At around 1 a.m. on June 13, John Randal Tyson, the slim and boyish 34-year-old scion of the Tyson Foods empire, tried to level with the Fayetteville, Ark., police officer who had just pulled him over for suspected drunk driving. “Can I ask you a genuine preference?” Tyson says in a bodycam video, one hand to his chest, perhaps in an effort to convey sincerity. “Which is, like, if I get in trouble tonight, my life will be ruined.”
The statement is not a question or a preference, and it sounds like the hyperbolic ramblings of a guy who has had too many Miller Lites (which Tyson says he was drinking that night, according to the police report obtained by Fortune). But it’s easy to understand why, in that moment, he felt doomed.
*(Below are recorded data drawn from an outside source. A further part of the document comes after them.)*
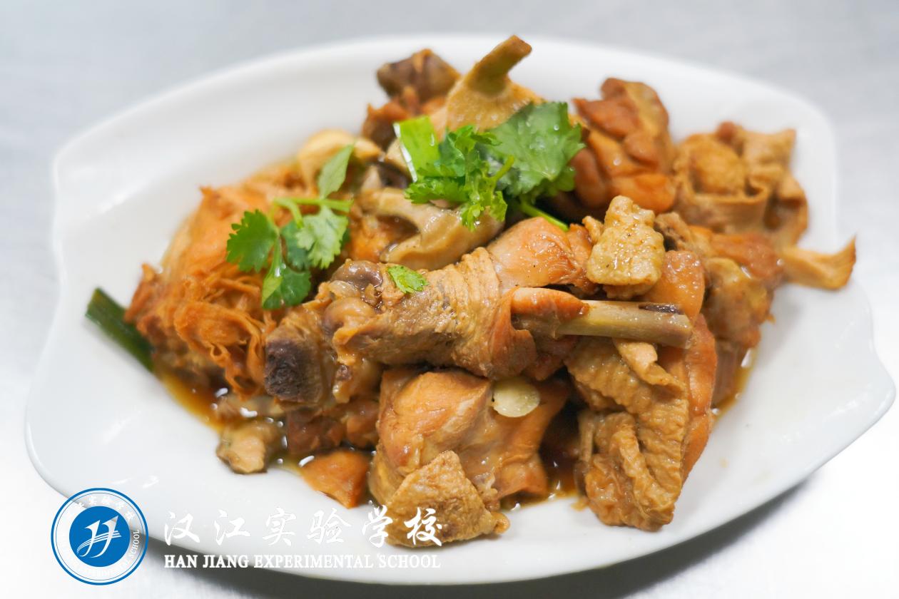 中餐:椒麻鸡、汉江下饭菜、芙蓉蒸蛋、地黄瓜炒培根、龙骨汤、米饭
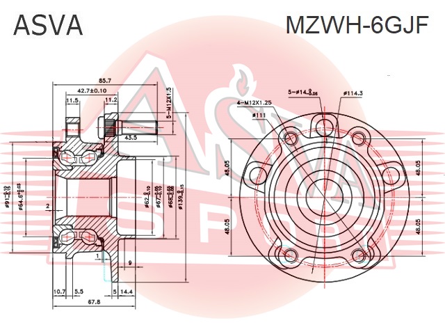 MZWH-6GJF ASVA Ступица передняя MZWH6GJF
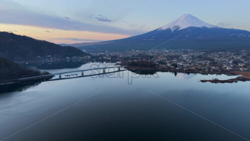 Video Aerial drone view of Lake Kawaguchiko near the Fujikawaguchiko town, Japan at sunset

At the time, Tyson was CFO and chief sustainability officer at Tyson Foods, a $21 billion company founded by his great-grandfather and headquartered in adjacent Springdale, Ark. And his arrest in June was the second time he’d been collared for an alcohol-related crime since becoming Tyson’s chief financial officer, and the youngest CFO in the Fortune 500, in 2022. In November of that year, just six weeks after he started the job, it was widely reported that Tyson was found sleeping in a stranger’s bed and charged with trespassing and public intoxication. (He eventually pleaded guilty and paid $440 in fines.) He was thought to be in line to become Tyson Foods’ CEO, but his two arrests in 19 months have now thrust his future at the meat-processing giant into doubt.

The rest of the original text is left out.